Radburn, a neighborhood in New Jersey, contained as Perry wanted, a school at its center as well as roads going around rather than through the homes. Radburn’s neighborhood population was calculated by Perry’s ideal, sustaining an elementary school. Further, Radburn contained elements of Howard’s garden city with superblocks and green spaces as boundaries. A unified neighborhood, Radburn has an association meant to upkeep communal spaces and entities, which are for residents only forming a sense of community within the neighborhood. Today, Radburn remains a place where families can experience modern life “while still providing the amenities of open space, community service and economic viability”.

quote via https://www.radburn.org/

Babcock Ranch, Florida

Babcock Ranch is a neighborhood unit currently being built in southwest Florida.  Created as part of a state deal to preserve much of the historic Babcock Ranch, this neighborhood is marketed as the future of green design in America.  Incorporating principles of New Urbanism, the houses are tightly clustered together and centered on communal structures.  Between lofty carbon neutral goals, a number of technology partnerships, and the preservation of over 90% of the ranch, this neighborhood looks to change the narrative of Florida’s suburban sprawl.  While still an upper-middle class suburban neighborhood, Babcock Ranch is nonetheless encouraging more sustainable design.

Georgetown, Washington, DC

Georgetown is a wealthy neighborhood in Washington, DC. Located along the Potomac River, the neighborhood maintains an architectural style, characterized by red-brick roads and row houses, and a separate grid system that is visibly distinct from the rest of D.C. Georgetown also has key cultural institutions (such as Georgetown University) and an active neighborhood association that foster a distinct cultural and political identity. The neighborhood’s rivers and parks also create a sense of distinctness by forming a flexible boundary that is prominent enough to be a spatial separator, but still easily crossed if needed.

Stevenage, United Kingdom

Stevenage, one of the British new towns built in the post-war period, highlights some of the ways in which Perry’s neighborhood unit idea was adapted. Like Perry’s ideal, the plan’s neighborhood units included ample provisions for small parks, were centered around an elementary school, and described pedestrian-oriented internal streets. Even so, their population and density of 9600 people and 31 people per acre, respectively, were greater than Perry’s and they included a central — not a peripheral — shopping area. Interestingly, despite being denser than Perry’s model, they were described as not being conducive to social activity by immediate studies (Peter Willmot, 1962). The case of Stevenage suggests that neighborhoods — in the social sense — may not be things that can be planned but rather emerge.

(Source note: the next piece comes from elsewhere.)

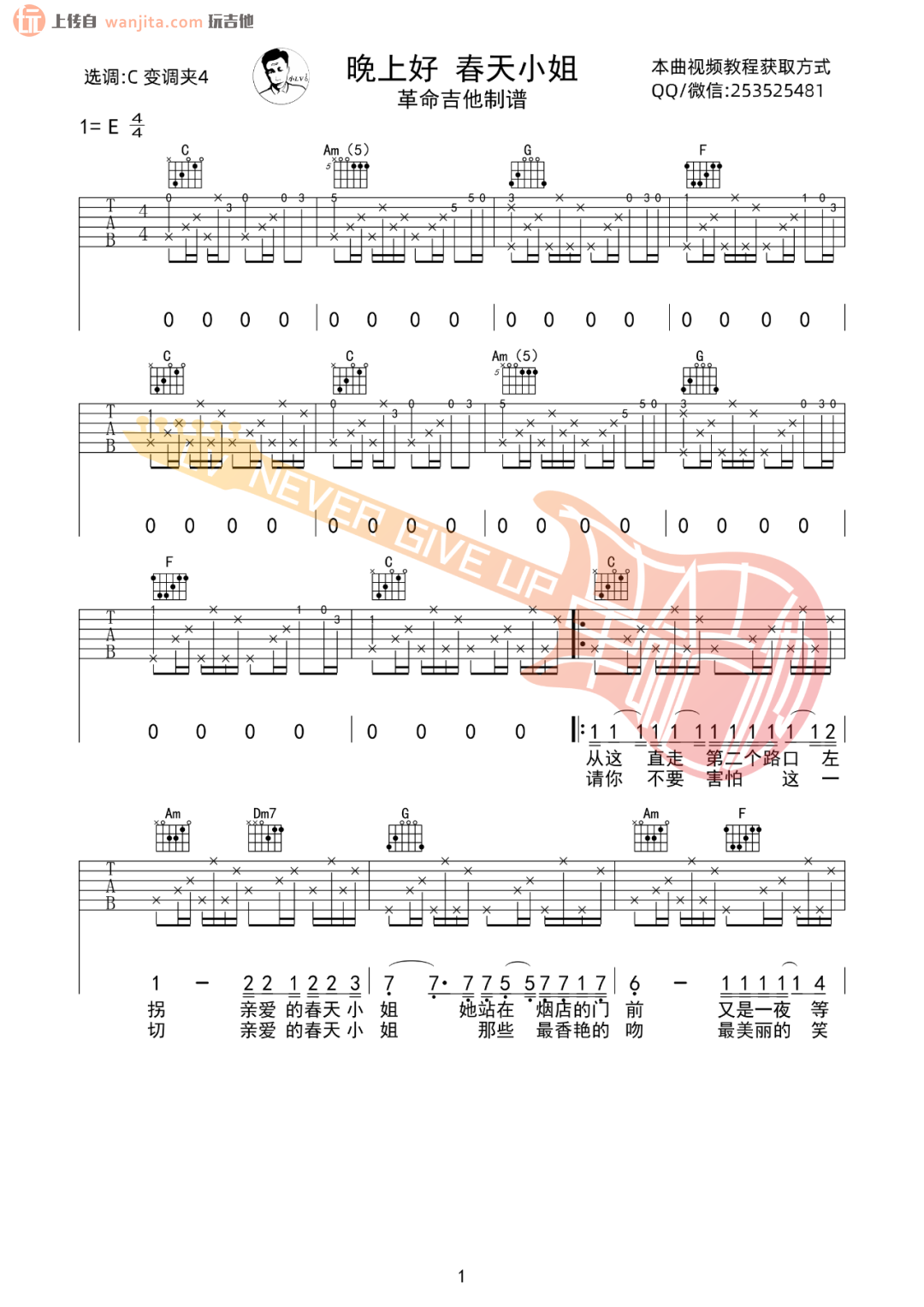 曲谱介绍: 《晚上好春天小姐》吉他弹唱视频示范 《晚上好春天小姐》吉他谱,选用C调指法编配,原调是E调,这首歌曲包含了完整的前奏,弹唱难度适中,新手上手难度不大。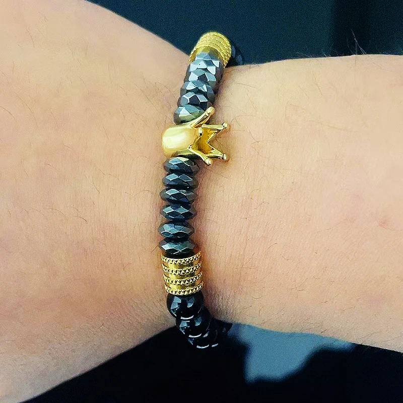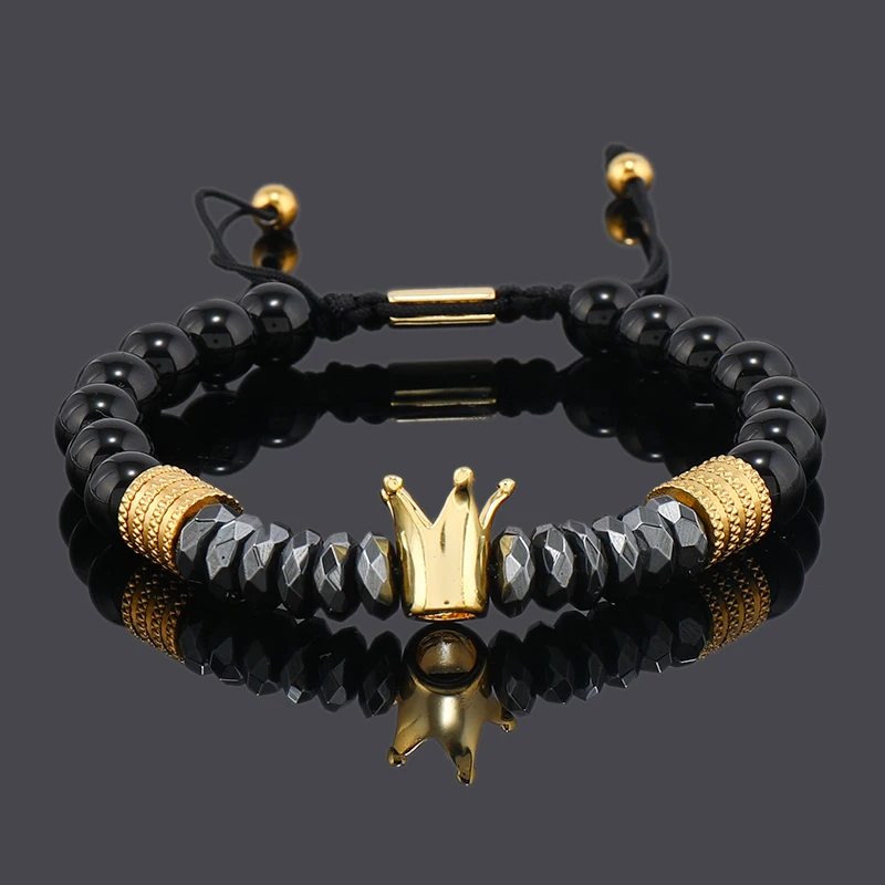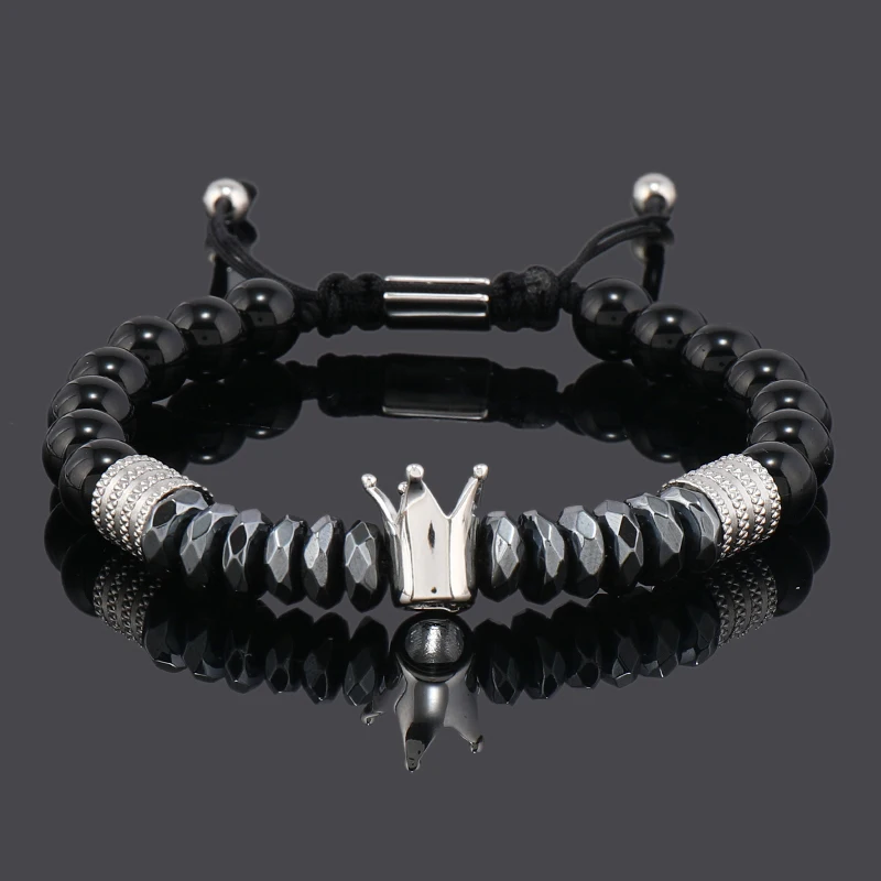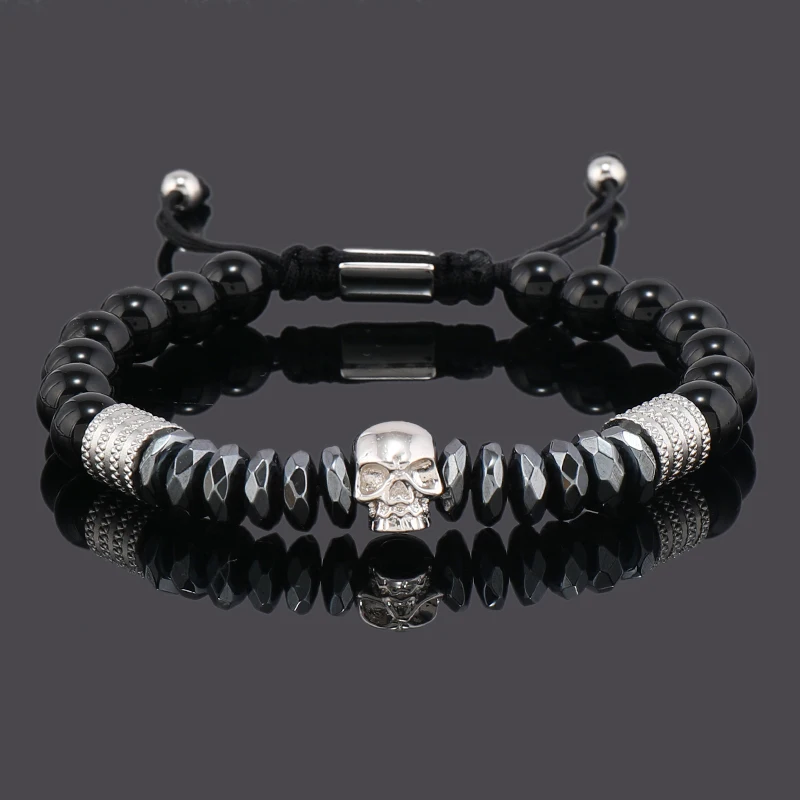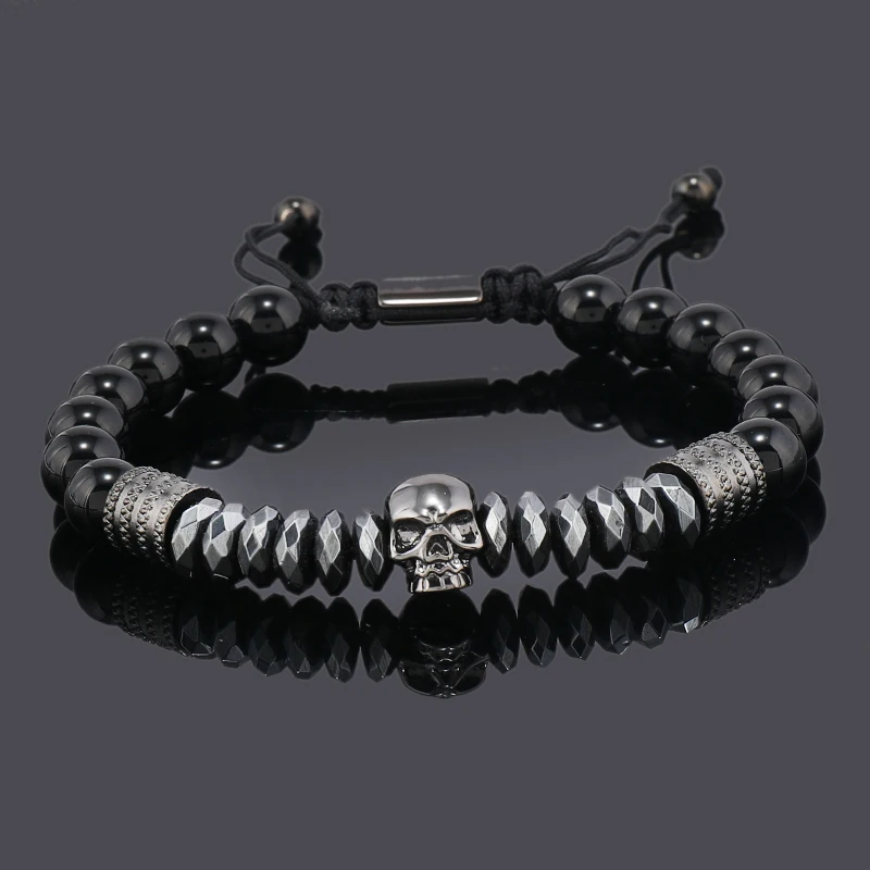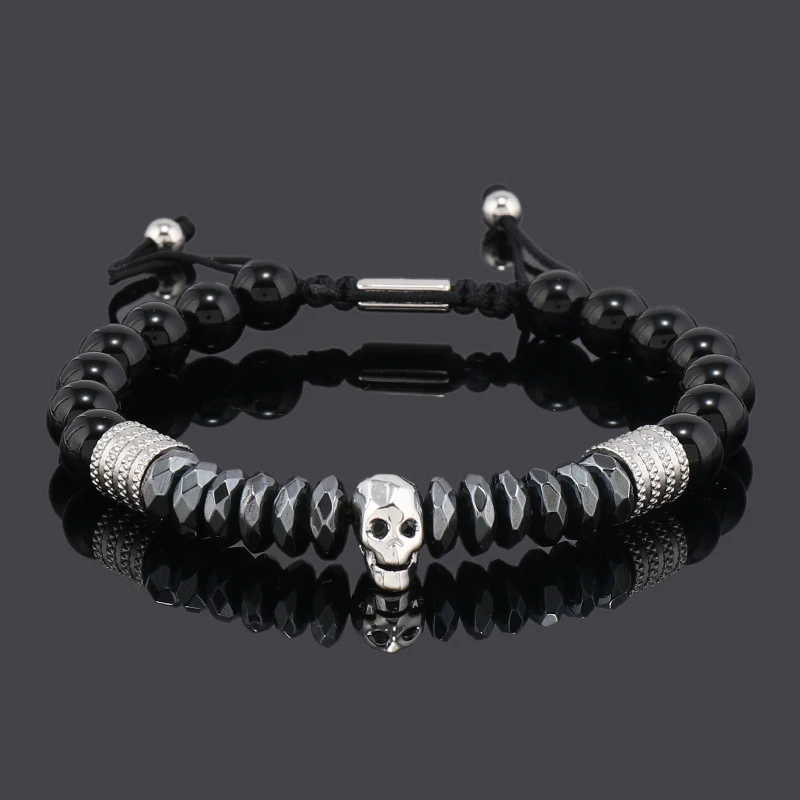 Luxury Black Natural Stone Beads Skull Crown Leopard Head Charms Man Bracelet For Women Hand Jewelry Gift

Chandigarh –– A Symbol of Modernity and Independence

Chandigarh, whose construction began in 1952, is a built example of a city with a gridiron plan. Interestingly, the arrangement of this plan, divided into 47 self-contained micro neighborhoods, is justified by means of human analogy — for example, Sector 17, the central business district, is likened to the heart and Sector 1, the Capitol Complex, to the head. Chandigarh, in this sense, appears to have not only been a statement economic project for post-independence India but also an unrestrictive lab for Le Corbusier’s theories of the urban. India’s first prime minister, Jawaharlal Nehru, wanted Chandigarh to become a monumental city symbolizing India’s bright future of modernity, progress, and independence, but its segmentation into cells based on neighborhood units became a symbol of class segregation.